La testurizzazione e l’interlacciatura

La testurizzazione è un procedimento che impartisce ai tessuti proprietà richieste dai consumatori (leggerezza, maggiore comfort, elasticità, ripresa delle deformazioni, aspetto e mano lanose o cotoniere…) ed è destinata solo ai fili termoplastici, ovvero nylon e poliestere.
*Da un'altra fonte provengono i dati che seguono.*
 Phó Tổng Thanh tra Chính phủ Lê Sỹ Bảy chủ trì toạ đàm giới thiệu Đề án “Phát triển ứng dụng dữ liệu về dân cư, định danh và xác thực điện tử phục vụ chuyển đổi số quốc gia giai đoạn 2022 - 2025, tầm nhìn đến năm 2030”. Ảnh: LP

Sollecitati dalla moda degli elasticizzati, sono stati ricercati e applicati trattamenti simili alla testurizzazione per i filati di fibre naturali, ma per il momento con scarsi risultati.
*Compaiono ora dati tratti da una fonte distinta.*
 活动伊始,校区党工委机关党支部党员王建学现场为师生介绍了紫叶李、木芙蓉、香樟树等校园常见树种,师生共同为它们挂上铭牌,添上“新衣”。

Per definizione, la testurizzazione dà origine a “fili di filamenti continui con torsione, che presentano un aspetto gonfio, che deriva da un’ondulazione o da un’arricciatura dei filamenti elementari che li compongono”.

Il suo aspetto può variare a seconda delle varie tipologie di filo testurizzato che rispondono alla definizione sopra indicata: ossia il filo può essere liscio parallelo con e senza torsione (Fig. 2a+2b), testurizzato con e senza torsione (Fig. 3a+3b), interlacciato con punti di fusione che evitano alle bave di aprirsi (Fig. 4), taslanizzato (con cui si ottengono opacità, aspetto e mano cotoniera) e, infine, abbinato con elastomero con proprietà elastiche.
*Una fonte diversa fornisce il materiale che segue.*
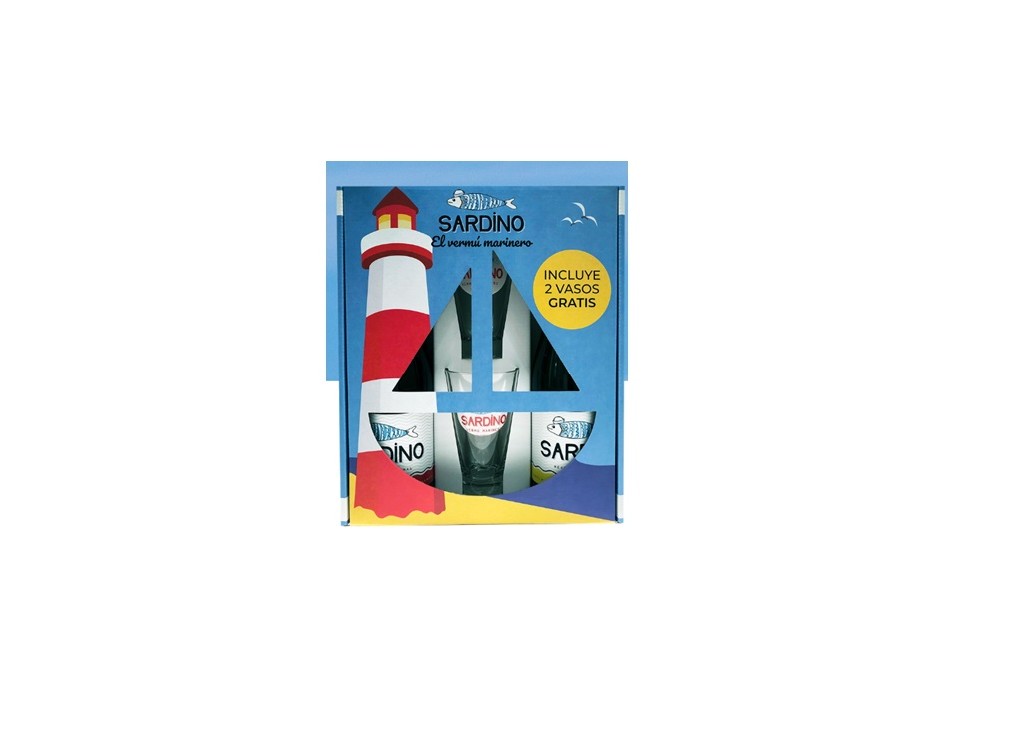 VERMUT ESTUCHE BLANCO + ROJO + 2 VASOS SARDINO

L’unione della fibra Lycra con un filo testurizzato di poliammide mediante un getto ad aria è un processo detto di “interlacciatura”. Così facendo il filo prodotto avrà caratteristiche sia del filo testurizzato, voluminosità e alto potere coprente, sia quelle del filo di elastomero, allungamento elevato e alto potere di recupero elastico (Fig. 5).

Fig. 5
Pro e contro della testurizzazione

La diffusione dei fili testurizzati è derivata da diversi fattori

In primo luogo dall’affermazione del prodotto elasticizzato, che può essere utilizzato in vari tipi di tessitura anche senza l’aggiunta di elastomero, in quanto il trattamento di testurizzazione porta un certo potere elastico.

In secondo luogo dal fatto che è un procedimento vantaggioso, perché permette di riprodurre sui fili sintetici alcune caratteristiche proprie dei filati di fibre naturali.
Il processo di testurizzazione ad aria, ad esempio, conferisce una specifica caratteristica al filo continuo che assume così un aspetto irregolare, simile a quello di un filato discontinuo come il cotone o la lana.
Permette inoltre di modificare l’aspetto creando dei rilievi: si pensi all’abbigliamento fitness, che a un primo colpo d’occhio sembra lavorato a punto piquet in rilievo.

I dati indicano che attualmente circa il 60-70% della produzione mondiale di fili continui sintetici è utilizzato sotto forma di filo testurizzato ed è un processo in continua espansione.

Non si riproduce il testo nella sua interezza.